PROBLEM TO SOLVE: Once the pictures are set aside, reproduce the remaining data exactly.

INFORMATION SUPPLIED:
Start of Block
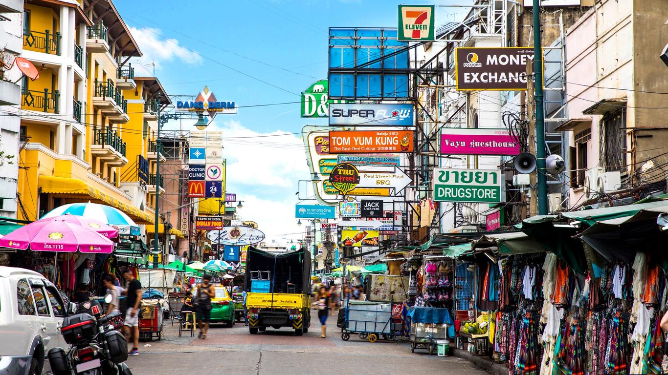 방콕 왕궁에서 약 1km 떨어진 방람푸 시장 근처에 형성된 여행자 거리입니다. 전 세계 배낭여행자들의 베이스캠프라는 별칭이 붙을 만큼 언제나 여행자들로 북적이고 방람푸 지역에서 가장 활기찬 분위기입니다. 400m가량 이어지는 2차선 도로에 수많은 게스트하우스, 인터넷 카페, 레스토랑, 바, 클럽, 마사지 숍, 기념품점 등 여행자 편의 시설 및 유흥업소가 모여 있습니다. 여행사와 은행, 환전소도 이곳에 밀집해 있어 태국 전역으로 연결되는 교통편과 투어 신청, 환전 등 여행에 필요한 모든 준비를 간편하게 해결할 수 있습니다. 배낭여행자들이 카오산 로드로 몰려드는 가장 큰 이유는 저렴한 숙소들이 많기 때문입니다. 복잡한 거리에는 바나나 팬케이크, 팟타이, 생과일주스 등 길거리 간식을 즉석에서 만들어 주는 노점상들도 줄지어 있습니다. 화려한 의류와 가방, 액세서리, 공예품 등을 취급하는 상점도 많아 쇼핑을 하기에도 편리합니다. 대부분 정가가 없기 때문에 흥정을 거쳐 구입합니다.
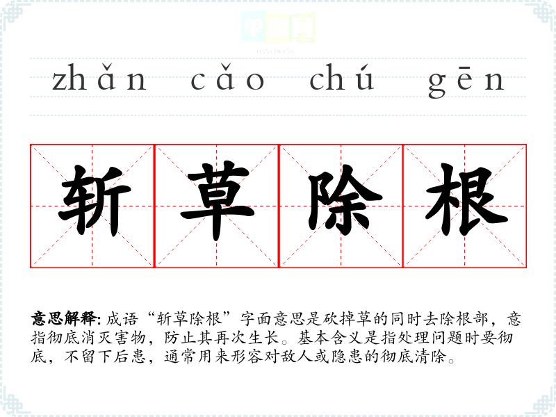 | 削草除根 | 犹斩草除根。指从根本上消除祸患。 |
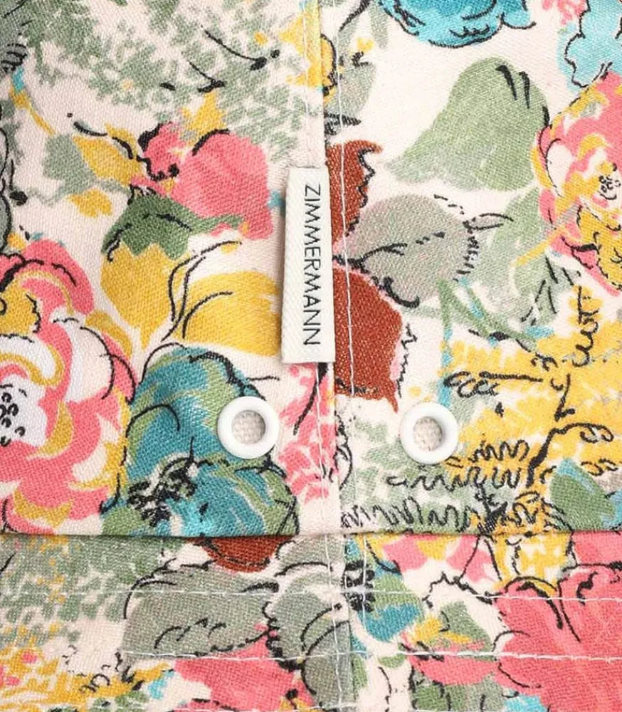 Bob Honey Peony Floral Signé Zimmermann, Un Chapeau Issu De La Collection Resort Swim 2023 Au Motif Floral Et Aux Bords Souples Et Effilochés. Il Apporte Un Brin De Fraîcheur À La Silhouette Grâce À Son Imprimé Et Ses Douces Couleurs.
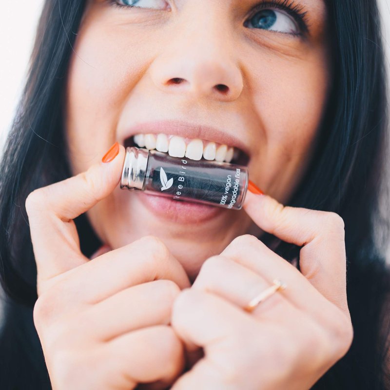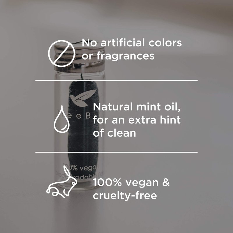 Organic Biodegradable Bamboo Charcoal Dental Floss & Refillable Glass Holder | Vegan | Naturally Waxed with Candelilla Wax | 33yd Thread Spool | Eco-Friendly Zero Waste Oral Care | Mint Flavored
End of Block
WRITTEN ANSWER:
 방콕 왕궁에서 약 1km 떨어진 방람푸 시장 근처에 형성된 여행자 거리입니다. 전 세계 배낭여행자들의 베이스캠프라는 별칭이 붙을 만큼 언제나 여행자들로 북적이고 방람푸 지역에서 가장 활기찬 분위기입니다. 400m가량 이어지는 2차선 도로에 수많은 게스트하우스, 인터넷 카페, 레스토랑, 바, 클럽, 마사지 숍, 기념품점 등 여행자 편의 시설 및 유흥업소가 모여 있습니다. 여행사와 은행, 환전소도 이곳에 밀집해 있어 태국 전역으로 연결되는 교통편과 투어 신청, 환전 등 여행에 필요한 모든 준비를 간편하게 해결할 수 있습니다. 배낭여행자들이 카오산 로드로 몰려드는 가장 큰 이유는 저렴한 숙소들이 많기 때문입니다. 복잡한 거리에는 바나나 팬케이크, 팟타이, 생과일주스 등 길거리 간식을 즉석에서 만들어 주는 노점상들도 줄지어 있습니다. 화려한 의류와 가방, 액세서리, 공예품 등을 취급하는 상점도 많아 쇼핑을 하기에도 편리합니다. 대부분 정가가 없기 때문에 흥정을 거쳐 구입합니다.
 | 削草除根 | 犹斩草除根。指从根本上消除祸患。 |
 Bob Honey Peony Floral Signé Zimmermann, Un Chapeau Issu De La Collection Resort Swim 2023 Au Motif Floral Et Aux Bords Souples Et Effilochés. Il Apporte Un Brin De Fraîcheur À La Silhouette Grâce À Son Imprimé Et Ses Douces Couleurs.
 Organic Biodegradable Bamboo Charcoal Dental Floss & Refillable Glass Holder | Vegan | Naturally Waxed with Candelilla Wax | 33yd Thread Spool | Eco-Friendly Zero Waste Oral Care | Mint Flavored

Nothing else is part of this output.